Saturday, December 12, 2009

Versions

Looking at the raging debate at versions again I can't help but feeling that there are many people out there that do not understand what OSGi versions are, or what versions are intended to achieve in general. It is not the syntax that are important, it is about the standardization of the semantics.

Versions are a language designed to let two parties communicate over the barrier of time. It is like a Domain Specific Language between artifacts that evolve over time. By having fixed version syntax and semantics, an importer can express how it feels about future changes in the exporter. These semantics tell the exporter what version to use when it evolves. The version indicates to tools how different importers and exporters an be combined in a system.

The simplest solution to versioning is to use a fixed identity. A imports B version 1. If B changes, it becomes version 2 and A must be recompiled, but this changes A so it must also increment its version, ad nauseum. Such systems only work when all the software is in a single build integrated with the deployment. Every deploy is then based upon a full new build, you're basically always at the latest version. However, when you use third party packages or you sell your software then latest version systems tends to be unworkable because minute changes ripple through the whole system.

We need some oil to ease the friction, meet version ranges. A version range allows A to import B from version 1 to version 2, non inclusive. This way we can allow B to increase it is version from 1.1, 1.2, 1.3, etc. without requiring A to be recompiled, stopping any rippling effects dead in their tracks. By specifying an import range of [1,2) A relies on B to properly version future releases. If a change is backward compatible, B can increase the minor part of the version (second number) but does not have to increase the major number (the first number). If a change is made that would break existing code, then B increases the major number and resets the minor number. Such a breaking change would get version 2.0.

We skimped a bit on backward compatibility, this is not a well defined concept and partly in the eye of the beholder. A new method on an interface is backward compatible for code using that interface but breaks an implementer of that interface. How is this difference handled? Well, we can put the semantics on the minor part of the version. Implementers use a range for a single minor version and not a single major version number. So if A implemented interfaces from B it would not use [1,2) but [1.0,1.1), if it only used the interfaces in B it would use [1,2).

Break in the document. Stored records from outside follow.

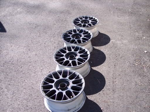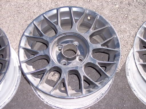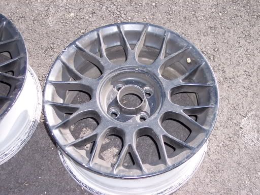 These are wheels licesned by BBS. Offset is either 35 or 38, they havent been on my car for quite some time and I can't remember. They do, however, require the use of a 10mm spacer and longer lug studs. Both of which are included in the sale. These have been sprayed black and have a few stone chips, but still roll straight as an arrow and have ZERO curb rash. They are being sold without tires. IIRC, these wheels are no longer available. *I also have center caps for these, but never used them.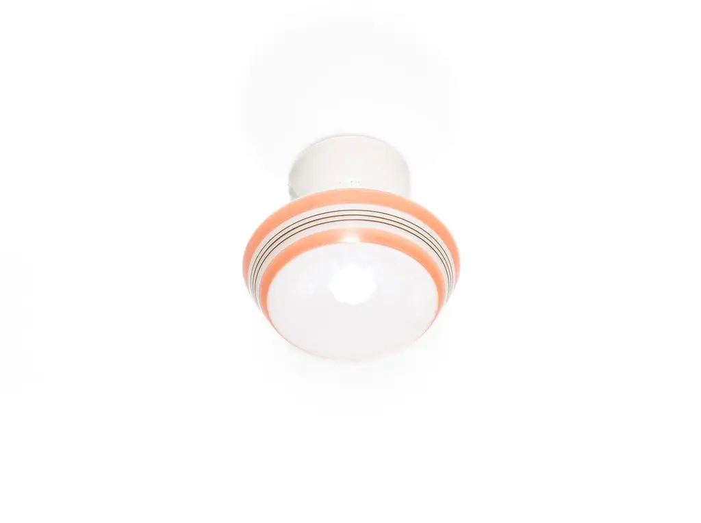 Decorative ceiling light with shade in hand-painted glass and base in porcelain. Designed and made in Norway from circa 1950s first half. The lamp is fully working and in very good vintage condition. The lamp uses a E27 bulb (works in the US), with a max wattage of 60.
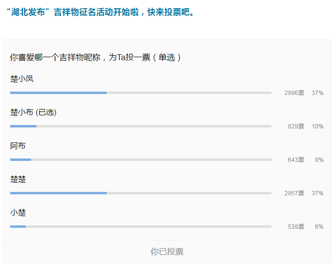 截至8月3日12时,已有超过10000名网友参与到“湖北发布”吉祥物征名活动。湖北日报、楚天都市报、荆楚网、湖北新闻、长江云、湖北经视、大楚网、长江网及全省各地发布系账号均相继转发相关报道,累计点击量超过10万次。

Backward compatible does not mean forward compatible, if A was compiled against 1.4 then all bets are off if it was bound to version 1.4. It is therefore important that A requires the base version it was compiled against as a minimum. That is, [1.4,2).

However, we make many changes that we want to deploy but we do not want this reflected in the dependency. If we force all dependencies to be the latest version we end up with the same situation we had when we had a single number; any change in version ripples through the whole system again. That is why the OSGi version has a micro number, the last part. It indicates that you made a change but this change does not affect any clients. It is a small bug fix or minute functional enhancement. Obviously deployments should have the latest fixes installed but it is not enforced to keep things manageable in the field. So even though A might be recompiled against 1.4.2, it would put out a version range that did not include the micro part: [1.4,2).

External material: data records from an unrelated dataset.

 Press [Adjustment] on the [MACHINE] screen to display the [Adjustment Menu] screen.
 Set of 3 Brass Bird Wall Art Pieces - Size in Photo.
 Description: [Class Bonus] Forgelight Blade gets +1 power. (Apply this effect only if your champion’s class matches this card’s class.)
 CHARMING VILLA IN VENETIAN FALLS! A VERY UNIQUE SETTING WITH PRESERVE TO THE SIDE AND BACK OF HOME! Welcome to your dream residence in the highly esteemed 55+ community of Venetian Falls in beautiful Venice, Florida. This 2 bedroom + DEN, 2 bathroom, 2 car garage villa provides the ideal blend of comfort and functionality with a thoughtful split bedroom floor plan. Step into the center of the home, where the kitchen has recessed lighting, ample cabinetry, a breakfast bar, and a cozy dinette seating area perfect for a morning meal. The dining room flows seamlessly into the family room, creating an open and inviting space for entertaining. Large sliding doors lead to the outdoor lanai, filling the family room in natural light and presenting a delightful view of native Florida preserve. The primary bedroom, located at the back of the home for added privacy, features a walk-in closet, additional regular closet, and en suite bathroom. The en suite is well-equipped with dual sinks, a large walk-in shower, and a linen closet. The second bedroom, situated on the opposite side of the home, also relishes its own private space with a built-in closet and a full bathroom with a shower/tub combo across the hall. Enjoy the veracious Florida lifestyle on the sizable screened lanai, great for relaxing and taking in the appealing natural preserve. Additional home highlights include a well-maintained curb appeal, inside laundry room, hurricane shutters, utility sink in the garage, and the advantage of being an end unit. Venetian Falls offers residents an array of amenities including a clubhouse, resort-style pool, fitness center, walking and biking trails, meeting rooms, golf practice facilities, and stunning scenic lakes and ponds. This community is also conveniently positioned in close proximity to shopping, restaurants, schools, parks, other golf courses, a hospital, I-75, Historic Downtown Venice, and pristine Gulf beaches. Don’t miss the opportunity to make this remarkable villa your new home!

Last, and in this case also least, there is often a need to know which of two artifacts is the newest, or has a certain state. This is left to the qualifier.

From the previous description it is clear that a simple version syntax can have surprisingly rich semantics. Having these semantics specified and agreed upon allows tools to automate parts of the process of maintaining the versions of the artifacts. This is a good thing because users are quite horrible in maintaining versions. For example, the bnd tool can automatically set the import range depending on the export range, takes implements versus uses into account, and I am working on automatically calculating export version changes based on a previous release. Also Eclipse PDE has extensive versioning support, and I expect bundlor also to do clever things. And last, but not least, it looks like Sonatype will also standardize on OSGi version. Without having fixed syntax and semantics, all these tools would have to use proprietary mechanisms.

So yes, it can be fun to use π for version 3.14 but it kills any hope of tools that understand the semantics and take the error prone chore of maintaining versions out of our hands.

Peter Kriens